Work item: Repeat only the lines from the one that contains "夏天(左)冬天(右)卷帘不同状态下太阳辐射示意图" through the final line of the listing below, exactly, please, without pictures.

Data section:
::::::
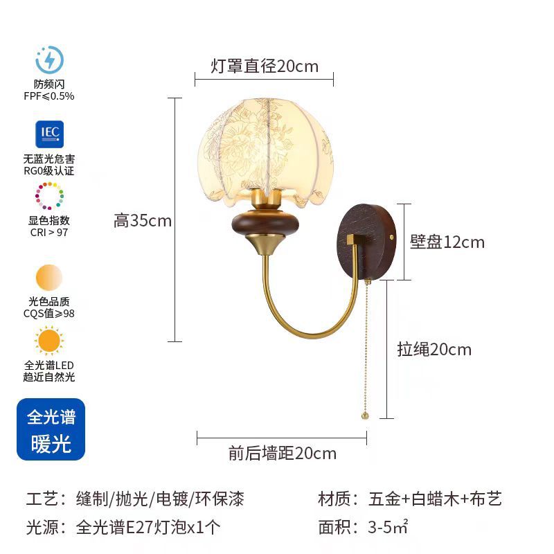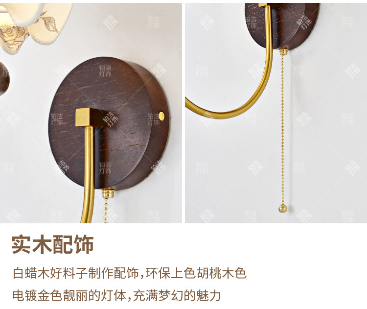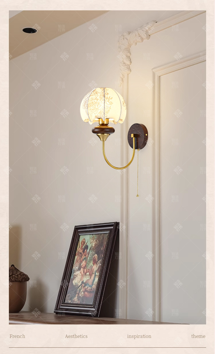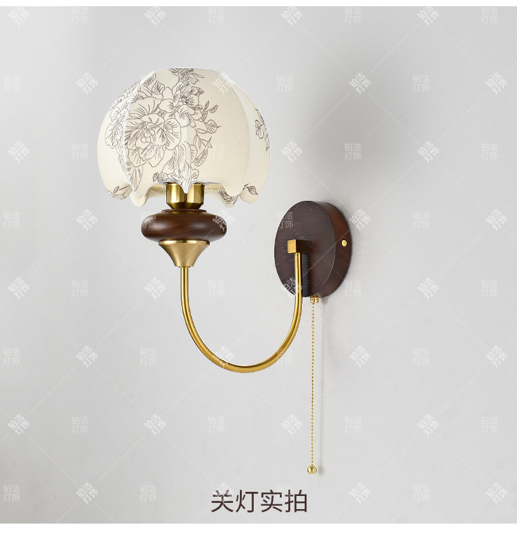 프랑스 중간 고대 벽 램프 침실 침실 램프 미국 복고풍 패턴 원단 거실 단단한 나무 램프 풀 와이어 스위치
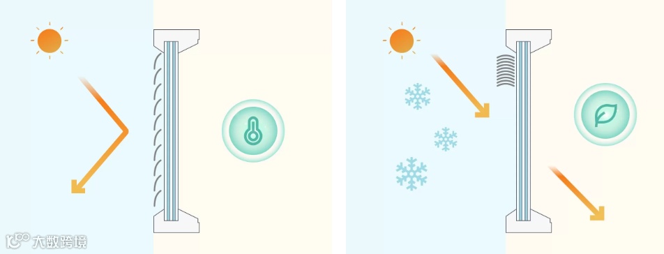 夏天(左)冬天(右)卷帘不同状态下太阳辐射示意图
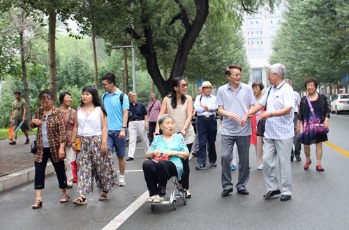 上午9时,校友们按捺不住激动的心情相互搀扶着来到了西区正门前,虽然校园当年的模样早已改变,但校友们对母校的眷恋和感激之情始终未曾更改,看看五十年来母校的发展与变化,表达对母校教诲与培养的感恩之情,也正是他们此行的共同心愿。校友们虽然有的已经50年未曾相见,但一见面还都能喊出对方的名字,激动地相互握手、拥抱、互致问候并一同合影留念。随后大家步入校园来到南北楼参观合影,这两栋楼正是当年的“地质楼”和“冶金楼”,虽然楼体早已扩建翻新,但校友们半个世纪前在这里勤奋学习的记忆永远留藏在大家心里。校友们一路上边走边聊,先后来到王大珩铜像、感恩石和校训石前参观留念。看到了功能完备的教学楼、新主楼和环境优美的校园后,校友们对陪同的“校友之家”志愿者说:“你们的条件比我们当年不知好了有多少倍,一定要努力学习,将来为社会做贡献。”在校友之家参观体验时,走廊两侧展板上六十年代的老照片引得大家驻足观看,大家围坐在当年模样的寝室里,聊着过去集体生活的艰苦和当年学习、生活中的苦乐,时间仿佛一下子又回到了50年前。在校友之家门前合影留念之后,校友们乘校车来到南区校史馆回顾母校的发展历程,讲解员讲解到学校取得的五次跨跃式发展时,校友们自发地鼓起掌来,激动和自豪的心情溢于言表,离开校史馆前,校友代表在留言册上为母校题字留念。
::::::
Written answer:
 夏天(左)冬天(右)卷帘不同状态下太阳辐射示意图
 上午9时,校友们按捺不住激动的心情相互搀扶着来到了西区正门前,虽然校园当年的模样早已改变,但校友们对母校的眷恋和感激之情始终未曾更改,看看五十年来母校的发展与变化,表达对母校教诲与培养的感恩之情,也正是他们此行的共同心愿。校友们虽然有的已经50年未曾相见,但一见面还都能喊出对方的名字,激动地相互握手、拥抱、互致问候并一同合影留念。随后大家步入校园来到南北楼参观合影,这两栋楼正是当年的“地质楼”和“冶金楼”,虽然楼体早已扩建翻新,但校友们半个世纪前在这里勤奋学习的记忆永远留藏在大家心里。校友们一路上边走边聊,先后来到王大珩铜像、感恩石和校训石前参观留念。看到了功能完备的教学楼、新主楼和环境优美的校园后,校友们对陪同的“校友之家”志愿者说:“你们的条件比我们当年不知好了有多少倍,一定要努力学习,将来为社会做贡献。”在校友之家参观体验时,走廊两侧展板上六十年代的老照片引得大家驻足观看,大家围坐在当年模样的寝室里,聊着过去集体生活的艰苦和当年学习、生活中的苦乐,时间仿佛一下子又回到了50年前。在校友之家门前合影留念之后,校友们乘校车来到南区校史馆回顾母校的发展历程,讲解员讲解到学校取得的五次跨跃式发展时,校友们自发地鼓起掌来,激动和自豪的心情溢于言表,离开校史馆前,校友代表在留言册上为母校题字留念。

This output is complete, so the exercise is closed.